Tuesday, January 24, 2006
Dembski Flops In Oz
William Dembski answers audience questions in an appearance at the University of Kansas Lied Center last night.
William Dembski, the Carl F. H. Henry Professor of Science and Theology at Southern Baptist Theological Seminary in Louisville, and author of The Design Inference : Eliminating Chance through Small Probabilities, came to Kansas -- the promised land for activists who oppose evolution -- to make his case for intelligent design at an event sponsored by the Campus Crusade for Christ, last night.
Darwin was undoubtedly a great man, with a great idea, Dembski told the audience of roughly 1,200 people at the Lied Center on the University of Kansas in Lawrence, but evolution is not the whole story. In the 150 years since Darwin, he asserted, evolution has proven itself "global disciplinary failure" unable to integrate evidence from the ongoing revolution in molecular biology.
While evolution is able to explain "small scale changes" within species, said Dembski, it has failed to explain the sudden explosion of life forms during the Cambrian period, how a complex structure such as a cell -- which he described as displaying the complex engineering of an automated city -- or biological structures like the bacterial flagellum.
The audience was polite, applauding at both the introduction and conclusion of Dembski's hour-long talk, although the applause that greeted Dembski grew more tepid as the evening wore on.
Catherine Odson, a reporter for The University Daily Kansan described the evening this way:
Insistent, assertive questions nagged Monday night’s speaker, who felt his explanation of the scientific evidence of intelligent design fell upon “deaf ears.”
Audience members awarded both applause and laughter to the questioners who stepped publicly into the controversy over intelligent design in Kansas.
Dembski, who may have been led to expect a warmer reception for his ideas -- he was in Kansas, after all -- seemed to grow testy as questioner after questioner expressed doubt about his assertion that evolution is a failed theory and that patterns in nature are best explained as a result of intelligence.
Dembski, who was both expansive and patient early in the question and answer period -- even allowing follow up questions -- became more combative, frequently interrupting questioners to ask them to get more quickly to the point, as it became clear that many in the audience, perhaps a majority, remained unconvinced.
One young woman, apparently frustrated by the apparent sophistry of Dembski's demand that evolution explain every single step in the evolution of bacterial flagella, while refusing to provide a similar step by step explanation of how intelligent design might have acted to create biological structures, repeatedly asked Dembski to cite physical data or observations that support intelligent design.
Dembski responded by saying that she was asking him to give a different talk. After further prodding, he urged her to read one of his papers.
A number of other questioners pointedly remarked that Dembski's case for intelligent design was more a critique of evolution than a recitation of evidence supporting ID.

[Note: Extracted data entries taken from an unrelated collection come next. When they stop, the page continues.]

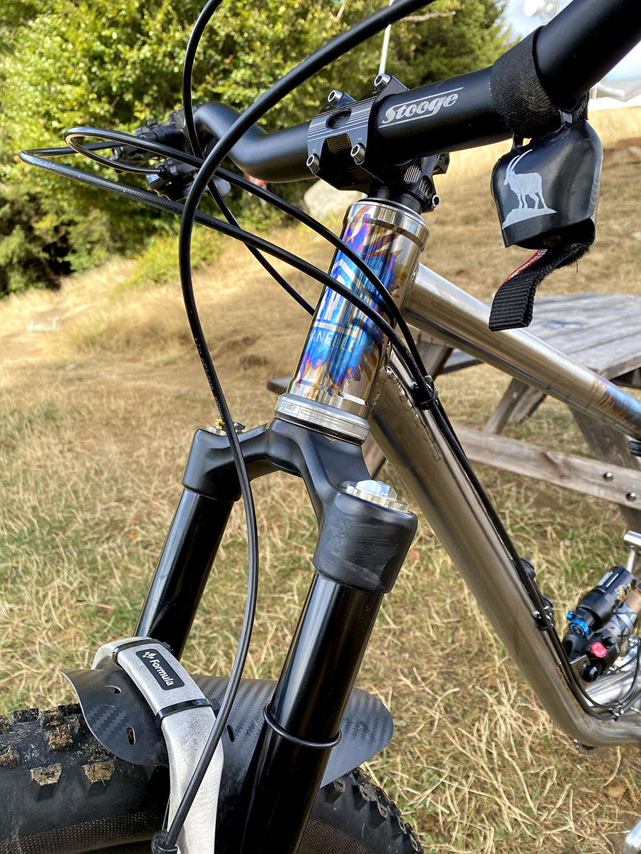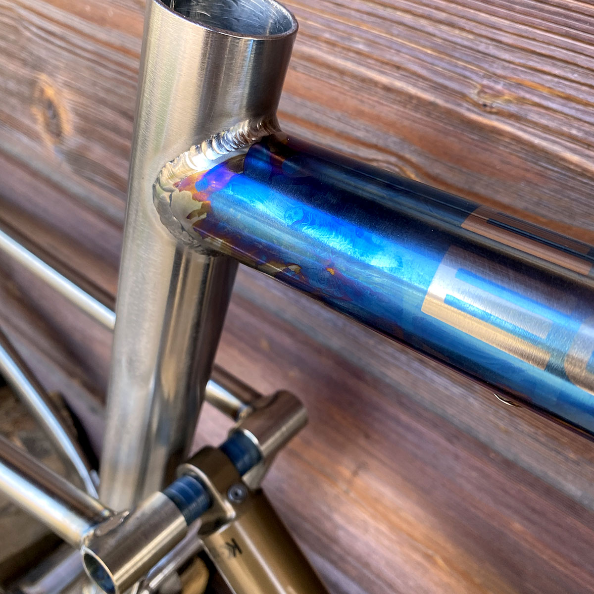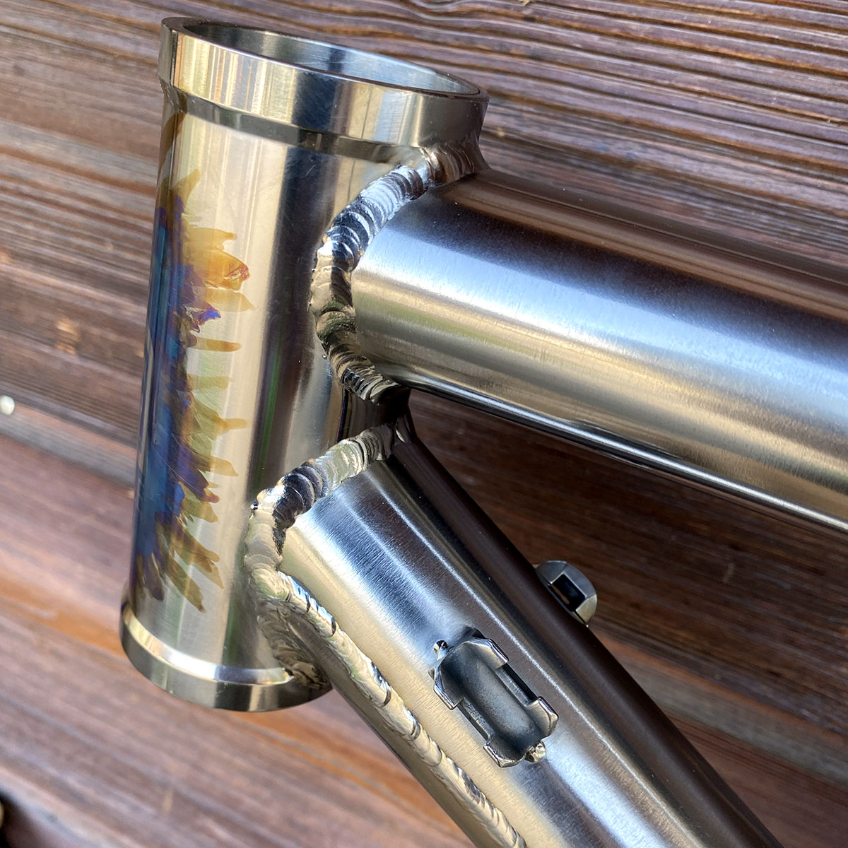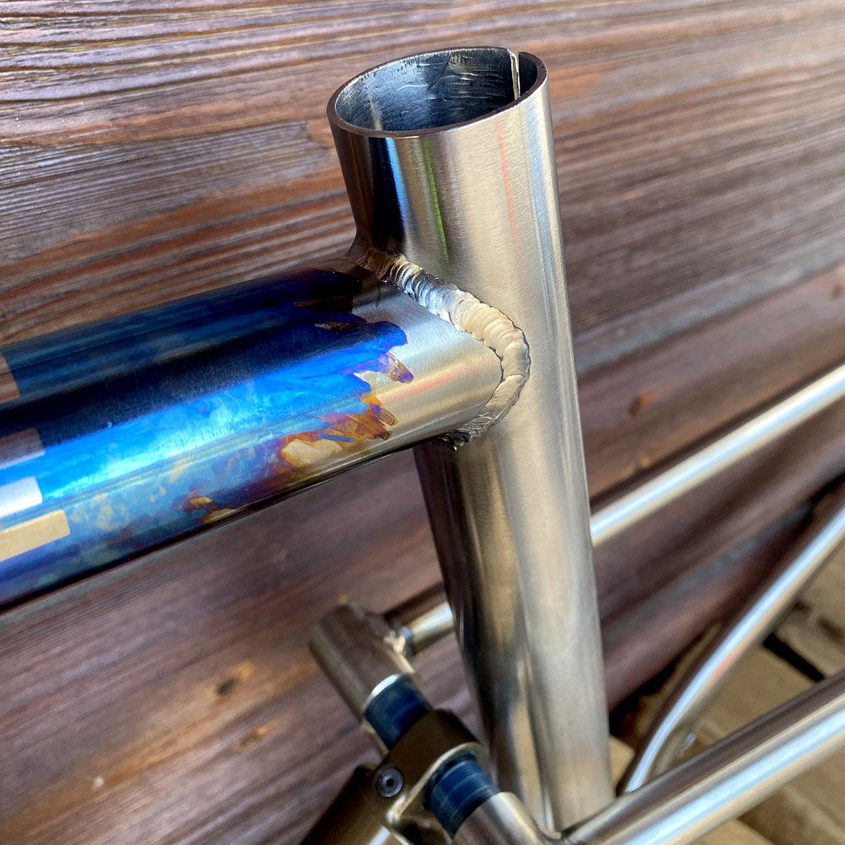 Triangle avant en titane et triangle arrière en acier inoxydable (tubes Columbus XCR + éléments en INOX 630 - 17/4)
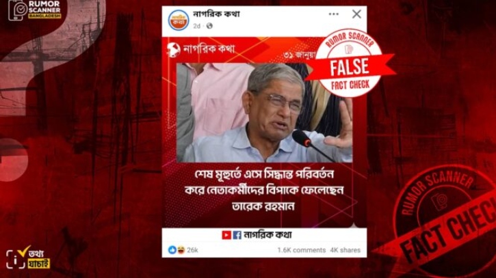 রিউমর স্ক্যানার টিমের অনুসন্ধানে জানা যায়, শেষ মুহূর্তে তারেক রহমানের সিদ্ধান্ত পরিবর্তন নেতাকর্মীদের বিপাকে ফেলেছে বলে মন্তব্য করেননি মির্জা ফখরুল। প্রকৃতপক্ষে, কোনো তথ্য প্রমাণ ছাড়াই উক্ত মন্তব্যটি তার নামে প্রচার করা হয়েছে।
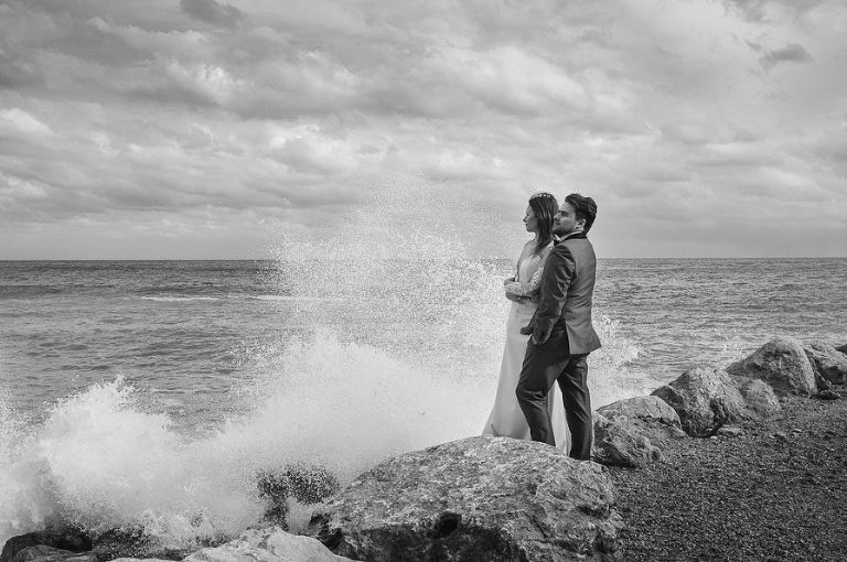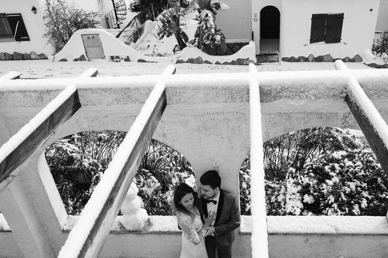 Ostatecznie w trakcie realizacji sesji Kasia i Szymon chyba 4 lub 5 razy ubierali się i rozbierali ze swoich ubrań ślubnych. Było to konieczne by ogrzać się nawet i po 10 minutowym wyjściu na zewnątrz przy śnieżnej aurze. Przerażająco zimny wiatr, deszcz, śnieg – nie była to prosta i łatwa sesja.
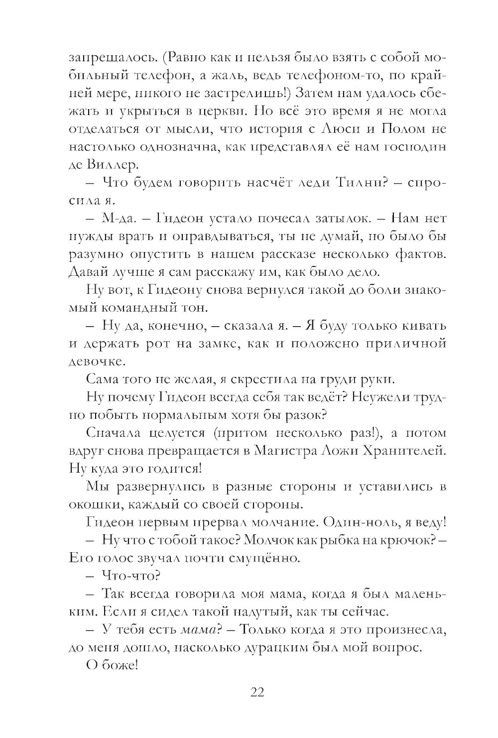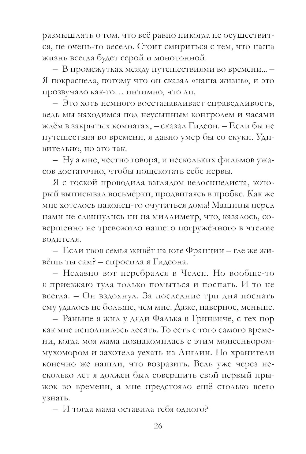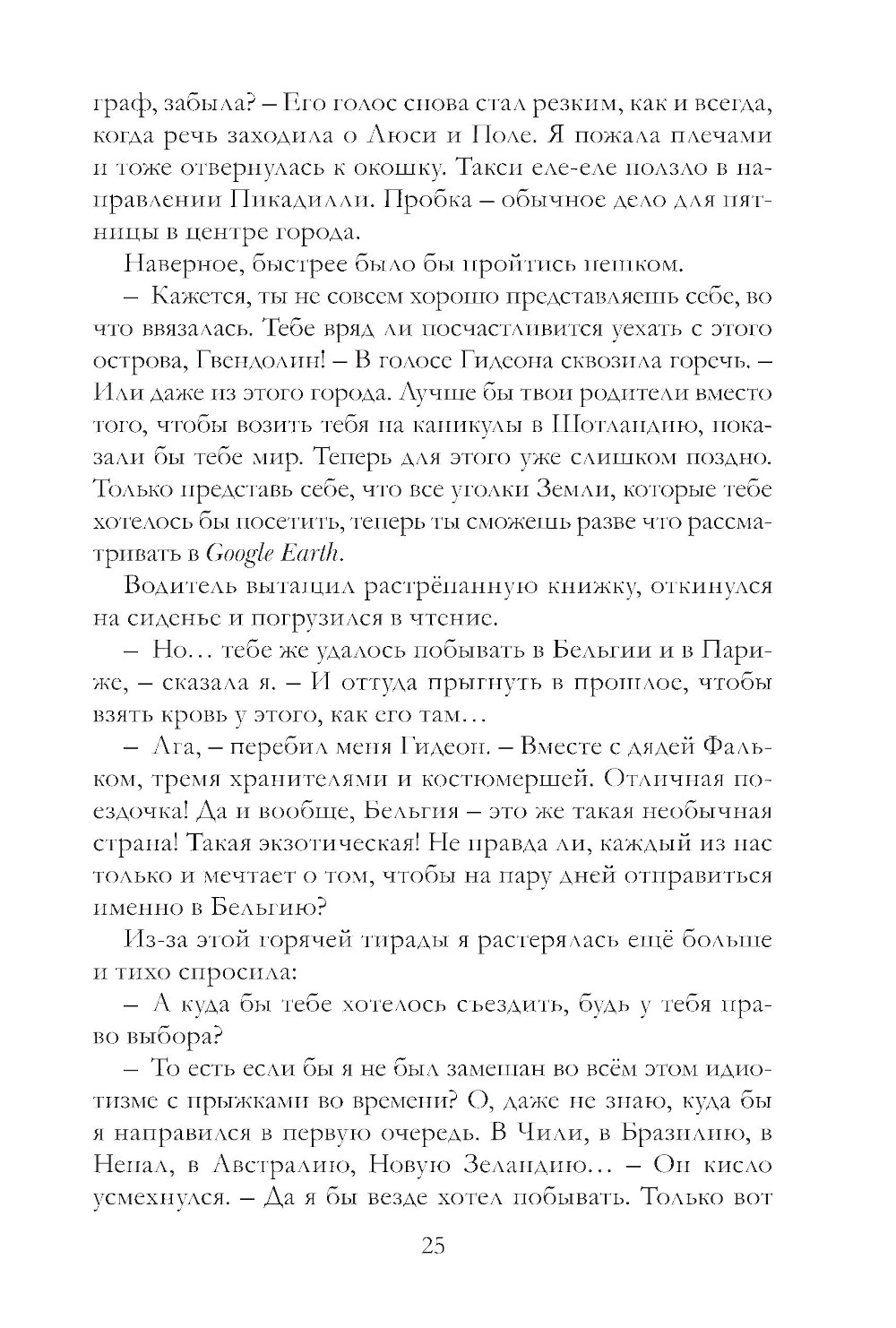 В истории общества путешественников во времени есть явные пробелы и темные места. Гвендолин чувствует, что за всем этим кроется страшная тайна, заговор, но как это доказать Гидеону и всем вокруг? Тайные коды, шифры и послания, погони, стрельба, призраки, все это ждет главных героев на пути к разгадке тайны. Сможет ли Гидеон убедить Гвендолин, что все его чувства - это не игра, излечить разбитое сердце подруги и спасти ее от смертельной опасности?

Surprisingly, there were almost no questions from the large contingent of Campus Crusade for Christ members in the audience.
It may be that biblical literalists, who make up the largest potential constituency for Dembski's ideas, found that the first swallow of intelligent design theory went down smoothly enough, but the more they heard from Dembski as the evening wore on, the more conscious they became of an unpleasant aftertaste the theory tends to leave in the mouths of those who are motivated primarily by biblical literalism.
Those doubts about the utility of ID theory for those motivated primarily by a belief in young earth creationism might have been reinforced by Dembski's admission that he accepts scientific evidence indicating the earth is 4.5 billion years old and existed long before the advent of human beings.
Dembski's chilly intellectualism, with its focus on information theory, bacterial flagella, and the mathematics of design detection, must seem somewhat remote and unappealing to evangelicals who seek a warmer, more emotional connection to God.